Terror set in, and I knew my life was over as I knew it. I’ve never been so frightened, and helpless. After several tests, I was told that I had a large contusion on my upper spinal cord, and it was a very good possibility that I would never walk again.
I was lucky to be alive, but so disheartened by this news. I felt like a prisoner in my own body. The experience from my last deployment played over and over again in my head.
After the first day of dealing with this, I made up my mind that this was not going to be my reality. I had no idea how to meditate at the time, but I kept speaking to myself out loud and in my head. “This is not your end”, “I will walk again”, “I am not going to be a prisoner in my own body”.
I asked the nurses to help move my limbs every chance I got. Thankfully within the first two days, I started feeling tingles down my midback, and into my arms. It grew and grew to the point where I could slightly move my arms and fingers.
It took a while longer for my lower body to wake up but over time I slowly regained feeling throughout my body. Over the next 13 months, I went through physical therapy. Little did I know that my physical therapist was using a lot of yoga to help stretch and awaken parts of my body.
It took quite a while to get back on my feet. Even after months of therapy, I was using a cane or supporting myself by holding onto things as I walked.
Sadly because of my injuries, I was medically discharged from military service. I had no idea what I was going to do next. There was a big hole in the middle of me, and I now had no purpose in life.
I was on medication from the military for both physical and mental issues. I knew I needed a change, so I moved to Las Vegas. I met someone, got married, and started having children right away.
I had my two beautiful stepdaughters, and my son. I thought that taking care of my family would be all the purpose in life that I would ever need. I love my 3 children and loved my wife.
Unfortunately, my service followed me to bed every night and at times I felt stressed. I would hear alarm bells and feel as if I was yanking back and forth.
I looked for anything I could to numb my physical pain, and to shut off the alarm bells going off in my head. Eventually, the medication just wasn’t cutting it.
I found drugs, and of course, drowned my sorrows with alcohol. The party scene became my norm. Thankfully someone introduced me to a workout I could do at home and it included yoga.
It felt so familiar, and eventually, I realized I had done some of these moves in the past. At first, it was purely physical. I needed something to help with the constant pain that I was in from my injuries.
After several months I noticed a huge change. My pain was diminishing and I wasn’t so angry all the time. I was able to breathe and deal with the flashbacks & alarm bells in my head.

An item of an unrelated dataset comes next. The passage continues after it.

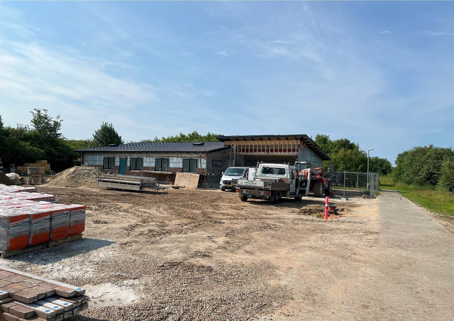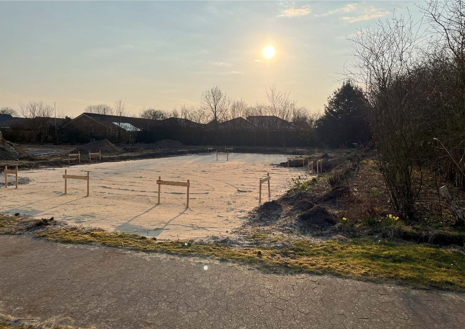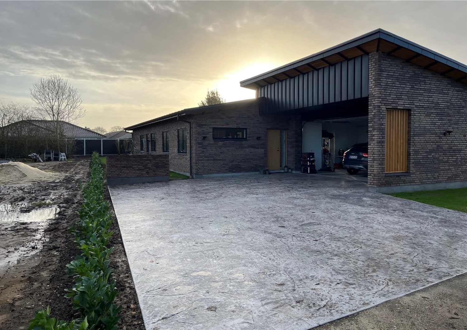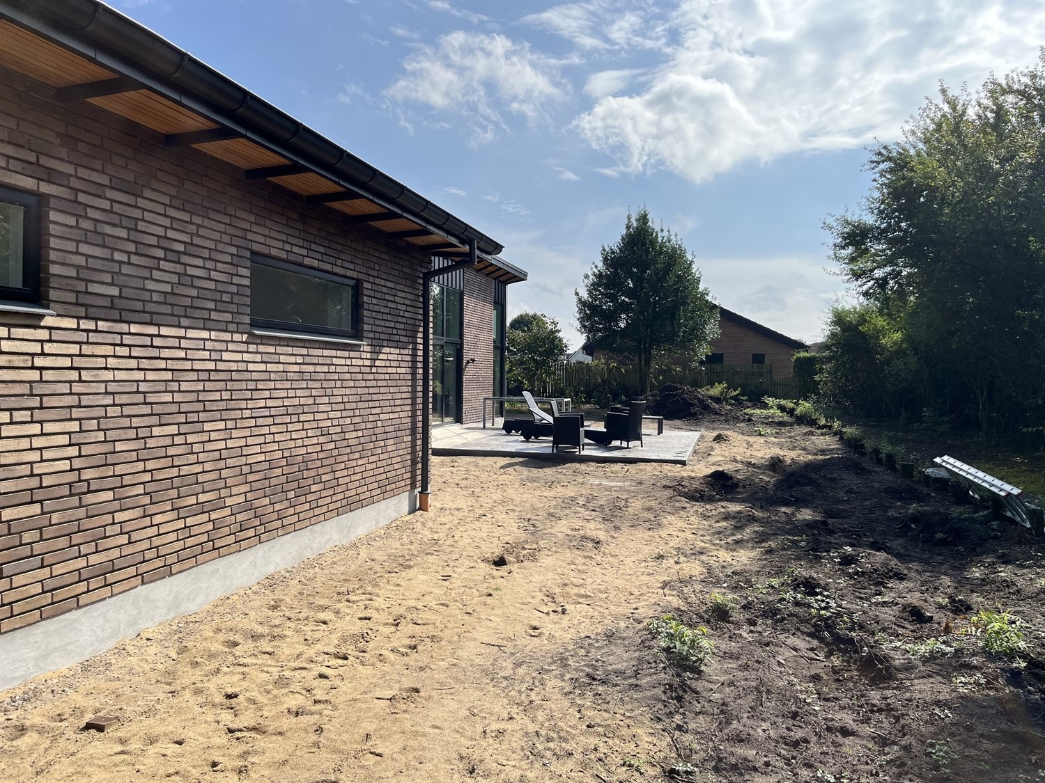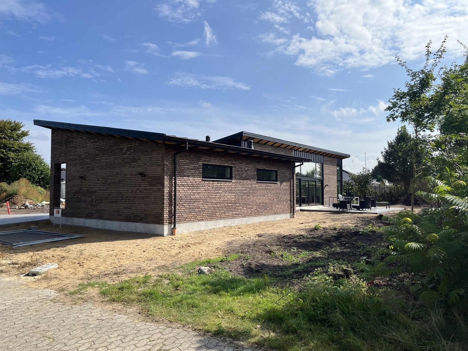 For enden af en blind vej i Bramming har vores kunde købt en større grund hvor der ligger en ældre ejendom på den nordlige del af grunden. Kunden der selv driver et større lokalt tømrerfirma har planer om at opdele matriklen i 2 selvstændige matrikler hvor der på den sydlige del af grunden skal opføres et nyt énfamilieshus som han selv skal bo i.

As time went on I knew I thought I was in the clear. In 2016 my Father couldn’t deal with PTSD any longer, and he took his own life. He was one of almost 60 veterans a day who commit suicide.
As if that wasn’t enough, when I got back from burying him, I found out that I was going to have to battle stage 2 colon cancer.
Again, I was thrust into darkness. I allowed myself to travel down a self-destructive path of drugs and attempted suicide.
Thankfully one day I woke up and decided that this was not how my life was going to end. I had all the tools I needed to win my battle with my mind and my body.
I started meditating and practicing yoga again, and everything changed forever. It hit me while meditating one day. “Why aren’t you helping your brothers and sisters find yoga? It’s helped you so much”.
A friend introduced me to TruFusion and began my yoga instructor training. Since my concentration is on creating space for others to find balance in life.